Daily and monthly counts of mediarequests for each media file stored in the wiki servers (as long as the count is higher than one).

wx_mediareqs_file(
  file_path,
  referer,
  media_type = c("all", "image", "video", "audio", "document", "other"),
  agent_type = c("all", "user", "bot"),
  granularity = c("daily", "monthly"),
  start_date = "20191201",
  end_date = "20200101"
)

Arguments

file_path

One or more paths to the file on upload.wikimedia.org, which is the file storage for all media in any wiki.

referer

The place that the request was made from. It can be any Wikimedia project (e.g. de.wikipedia), "all", "internal", "external", "search-engine", "unknown" or "none".

media_type

The media type that each file belongs to. It can be image, audio, video, document, or other. Default is "all" media types. See Media section below.

agent_type

If you want to filter by agent type, use "user", "bot"/"spider", or "automated" (refer to wikitech:Analytics/Data Lake/Traffic/BotDetection). If you are interested in pageviews regardless of agent type, use "all" (default).

granularity

The time unit for the response data. As of today, supported values are daily (default) and monthly.

start_date

The date of the first day to include, in YYYYMMDD format. Can also be a Date or a POSIXt object, which will be auto-formatted.

end_date

The date of the last day to include, in YYYYMMDD format. Can also be a Date or a POSIXt object, which will be auto-formatted.

Value

A tibble data frame with the following columns:

referer

referer

file_path

media file path provided by the user

date

Date; beginning of each month if granularity = "monthly"

requests

number of requests

Example usage

The example below retrieves the request counts for File:Hadley-wickham2016-02-04.jpg which is used on the English Wikipedia article Hadley Wickham as the main image in the infobox.

Media

File types are obtained by parsing the file extension, and then classified according to the following table:

ExtensionsMedia type
svg, png, tiff, tiff, jpeg, jpeg, gif, xcf, webp, bmpimage
mp3, ogg, oga, flac, wav, midi, midiaudio
webm, ogvvideo
pdf, djvu, srt, txtdocument
(all other extensions)other

Limitations

  • The ability of splitting and filtering by referrer is limited to data from May 2019 onward. Before that, referrer is only split in internal, external, and unknown.

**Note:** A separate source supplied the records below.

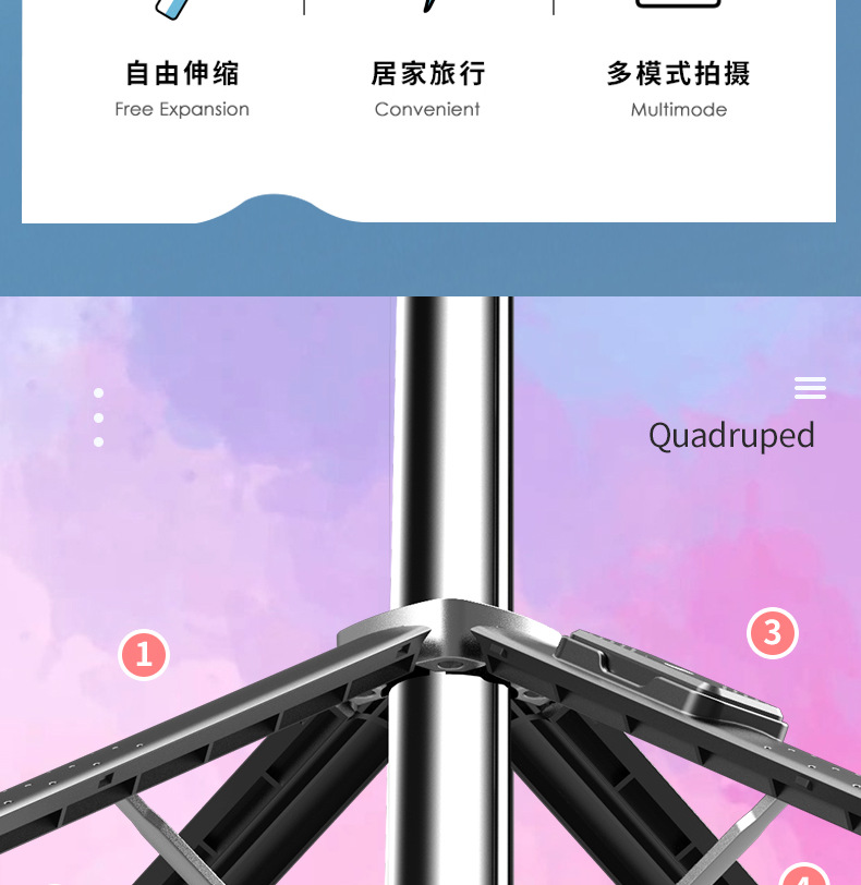 P04 휴대 전화 셀카 브래킷 스테인레스 스틸 여행 휴대용 사진 아티팩트 4 중 블루투스 휴대 전화 브래킷 셀카
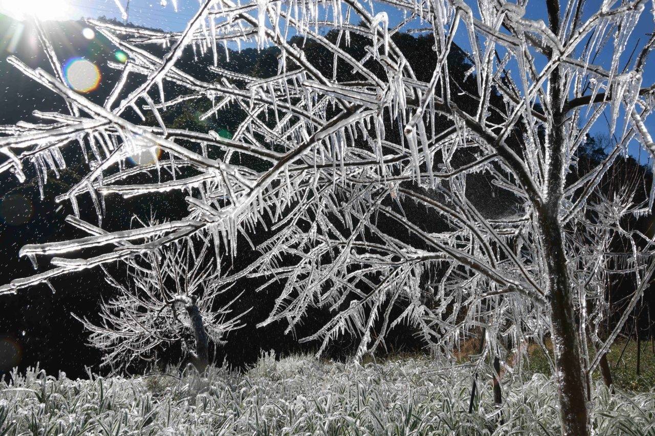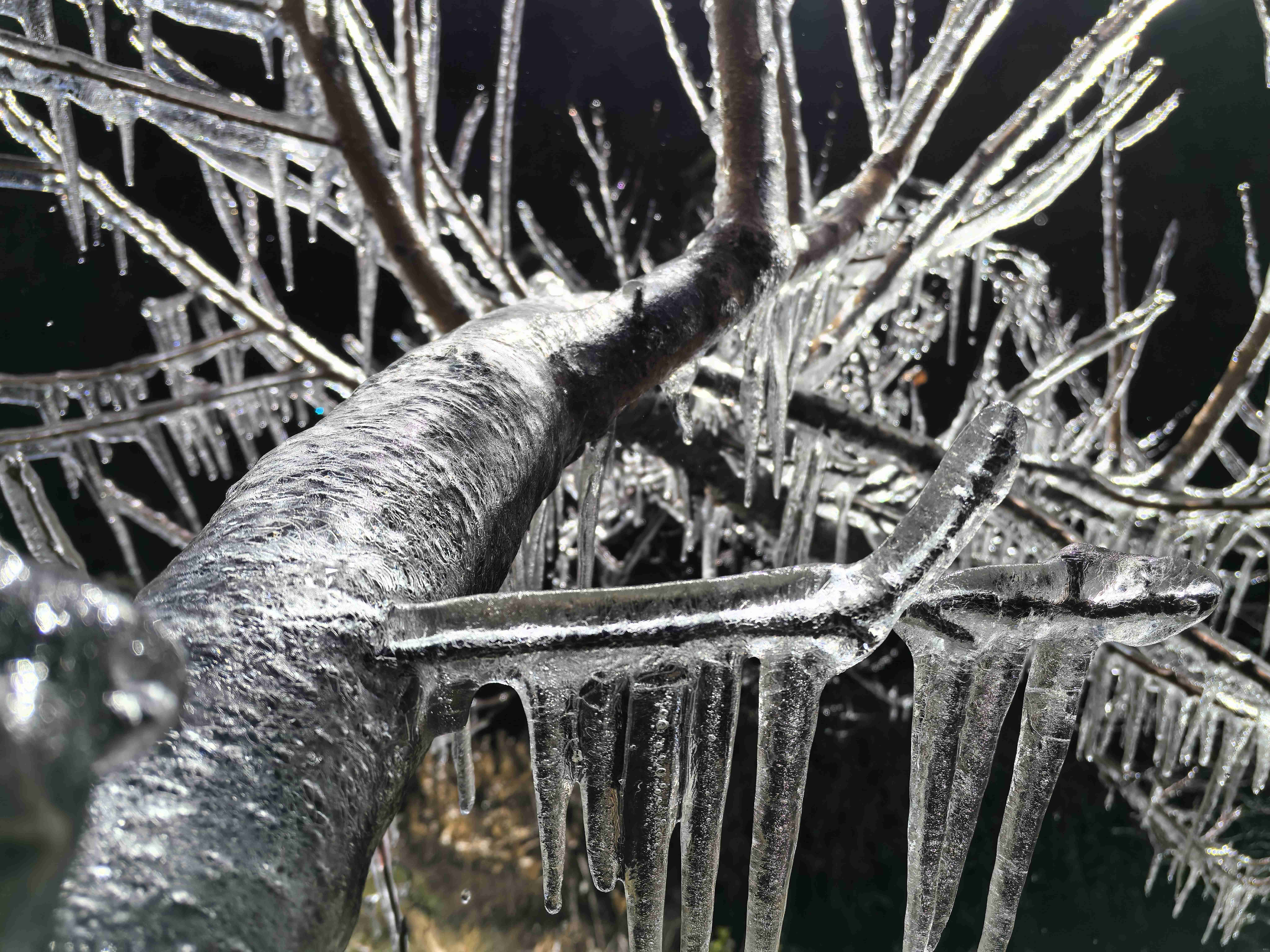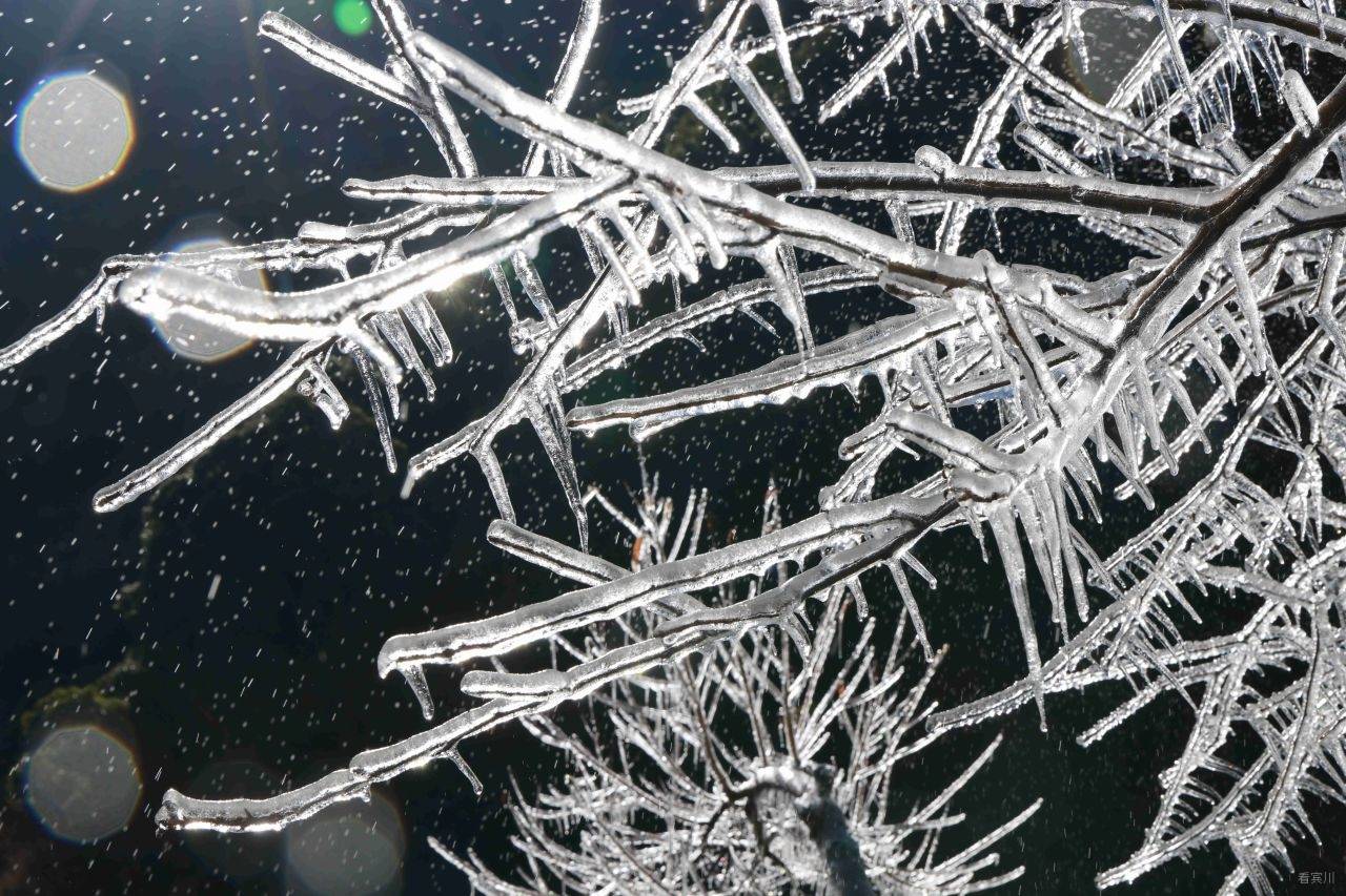 放眼望去,树枝白了,山坡白了,连呼出的气体都凝成了白雾,整座山坳仿佛一幅晶莹剔透的画卷。忽然想起明·杨慎《咏雾凇》中的诗句:“琼敷缀叶齐如剪,瑞树开花冷不香。”眼前的冰凌,恰似琼浆玉露镶嵌在枝桠间,又似瑞树上绽放的冰花,美丽得不染尘埃。
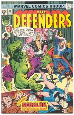 The Defenders first appeared as a feature in Marvel Feature #1 (December 1971).[1] Due to the popularity of their tryout in Marvel Feature, Marvel soon began publishing The Defenders.[2] Writer Steve Englehart has stated that he added the Valkyrie to the Defenders in issue #4 "to provide some texture to the group."[3] Englehart wrote "The Avengers–Defenders War" crossover in The Avengers #116–118 (October–December 1973) and The Defenders #9–11 (October–December 1973).[4] Len Wein briefly wrote the series,[5] and later became the editor for several issues.
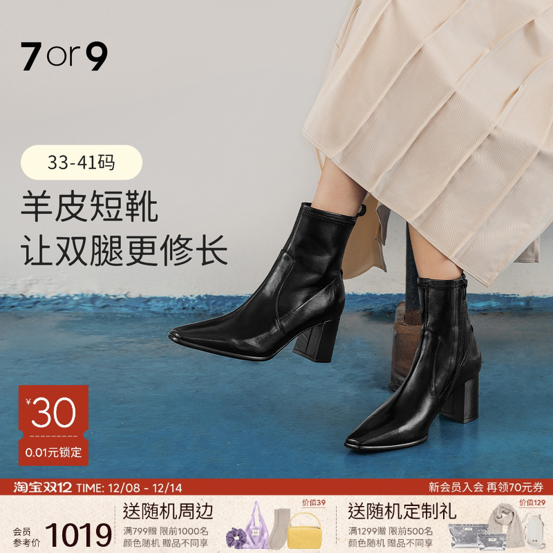 【静音系列】千百度粗高跟弹力靴女百搭冬季气质真皮瘦瘦袜靴短靴
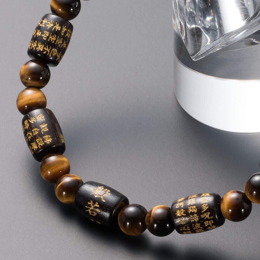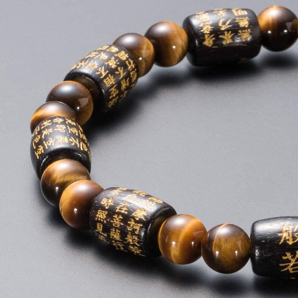 「般若心経」全276文字を彫り込んだ俵型の艶あり黒檀と、独特な模様と艶やかな輝きのバランスが絶妙な虎目石を組み合わせた腕輪念珠(ブレスレット)です。艶あり黒檀は人気が高く、使い込むほどにしっくりと手に馴染み、深い質感のある光沢になっていきます。
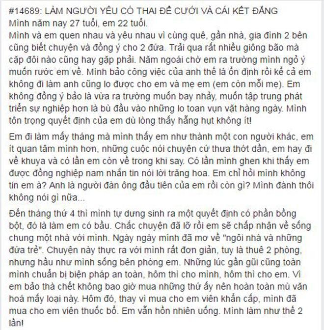"Hôm đi với anh ấy, anh ấy và em uống say, sau đó bọn em không làm chủ được mình. Sau đó em rất sợ, nhưng em tính thì vào ngày an toàn nên lại thôi. Bọn mình thì trước giờ đều cẩn thận nên đứa bé này chắc do ông trời sắp đặt. Em không giết con em đâu. Em cũng không thể để nó không có bố anh à. Em xin lỗi anh, em đã nói chuyện với anh D rồi, a ấy bảo sang tháng làm đám cưới, em xin lỗi anh, mình chia tay thôi anh..."
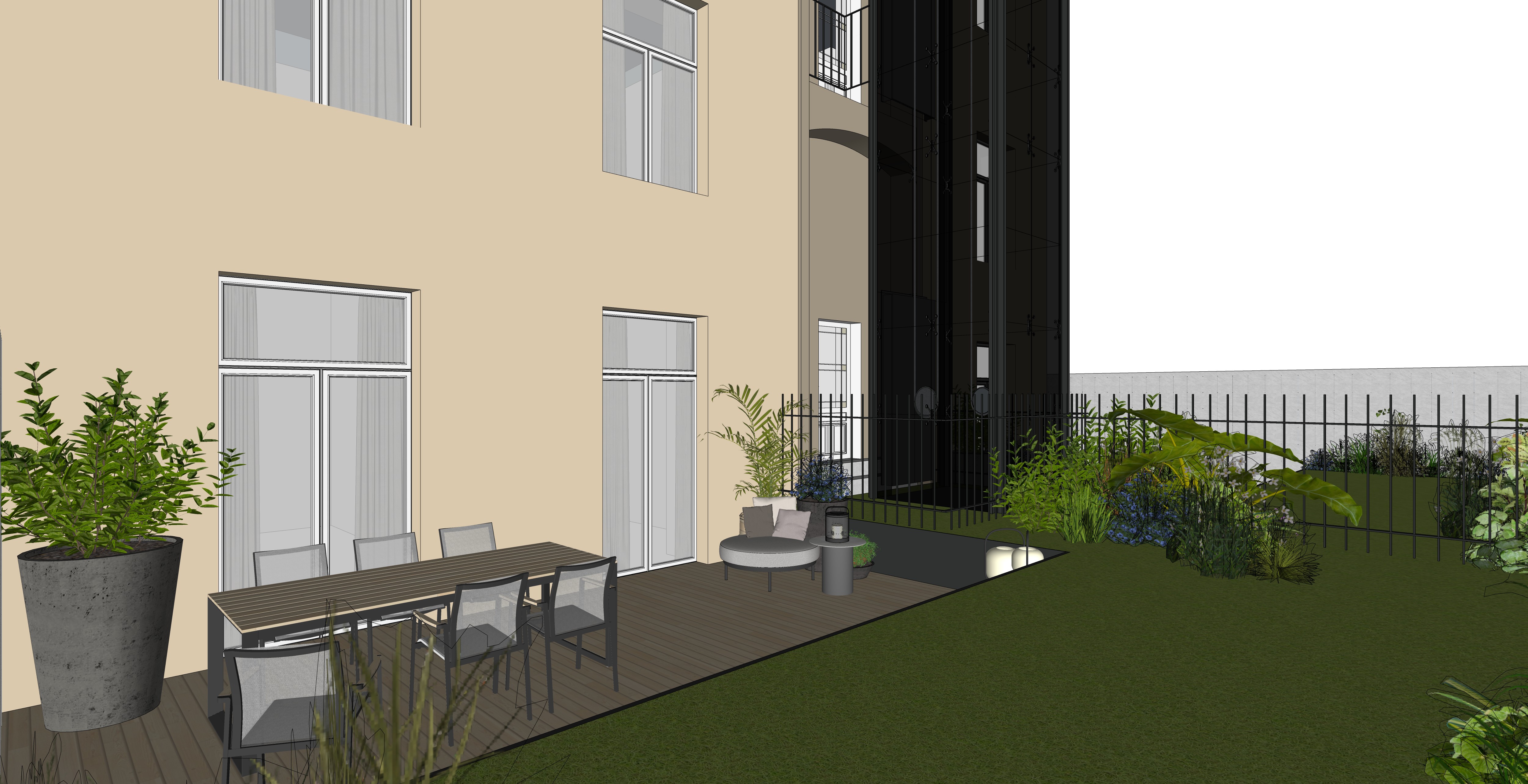 window frames white elevator lining black glass add more greenery and grass

  • The beginning of mediarequest data is the 1st of January 2015.

  • The ability of splitting and filtering by agent type (user, spider) is limited to data from May 2019 onward.

  • About 0.7% of mediarequests are prefetches coming from Media Viewer (more details in wikitech:Analytics/AQS/Media_metrics)

License

Data retrieved from the API endpoint is available under the CC0 1.0 license.

See also

Examples

wx_mediareqs_file( "/wikipedia/commons/f/fa/Hadley-wickham2016-02-04.jpg", "en.wikipedia", agent_type = "user", granularity = "monthly", start_date = "20200101", end_date = "20200301" )
#> Error: Problem with `mutate()` input `project`. #> x object 'project' not found #> Input `project` is `project`.